[GOAL OF THE EXERCISE]:
Any pictures in the records below must be left out when you repeat the lines from the line containing "Chicken man with" through the line containing "2021 модные вязаные" exactly.

---------- RECORDS SUPPLIED ----------

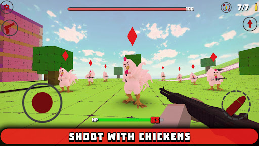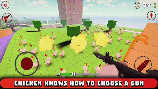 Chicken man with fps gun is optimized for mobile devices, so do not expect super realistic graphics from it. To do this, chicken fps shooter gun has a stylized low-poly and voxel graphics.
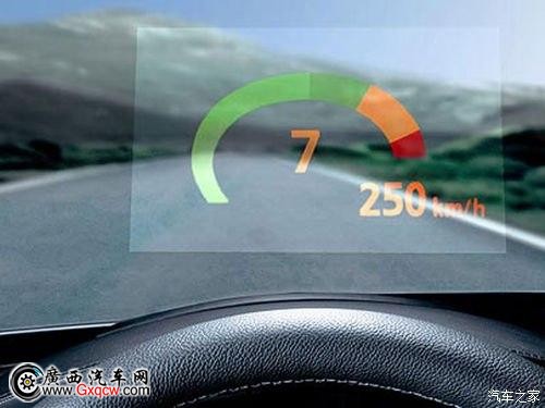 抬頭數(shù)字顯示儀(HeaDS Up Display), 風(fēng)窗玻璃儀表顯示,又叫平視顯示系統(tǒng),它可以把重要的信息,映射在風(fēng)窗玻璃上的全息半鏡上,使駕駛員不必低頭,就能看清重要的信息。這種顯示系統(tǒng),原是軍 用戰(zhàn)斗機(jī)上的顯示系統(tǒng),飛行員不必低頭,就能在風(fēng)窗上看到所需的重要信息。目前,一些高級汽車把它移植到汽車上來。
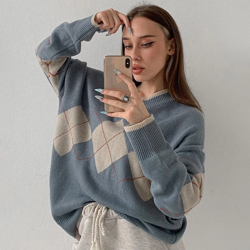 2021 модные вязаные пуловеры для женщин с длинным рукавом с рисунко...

----------
---------- RECORDS SUPPLIED ----------

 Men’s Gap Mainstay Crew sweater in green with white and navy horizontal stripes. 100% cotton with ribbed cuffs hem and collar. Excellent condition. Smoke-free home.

----------

[EXERCISE SOLUTION]:
 Chicken man with fps gun is optimized for mobile devices, so do not expect super realistic graphics from it. To do this, chicken fps shooter gun has a stylized low-poly and voxel graphics.
 抬頭數(shù)字顯示儀(HeaDS Up Display), 風(fēng)窗玻璃儀表顯示,又叫平視顯示系統(tǒng),它可以把重要的信息,映射在風(fēng)窗玻璃上的全息半鏡上,使駕駛員不必低頭,就能看清重要的信息。這種顯示系統(tǒng),原是軍 用戰(zhàn)斗機(jī)上的顯示系統(tǒng),飛行員不必低頭,就能在風(fēng)窗上看到所需的重要信息。目前,一些高級汽車把它移植到汽車上來。
 2021 модные вязаные пуловеры для женщин с длинным рукавом с рисунко...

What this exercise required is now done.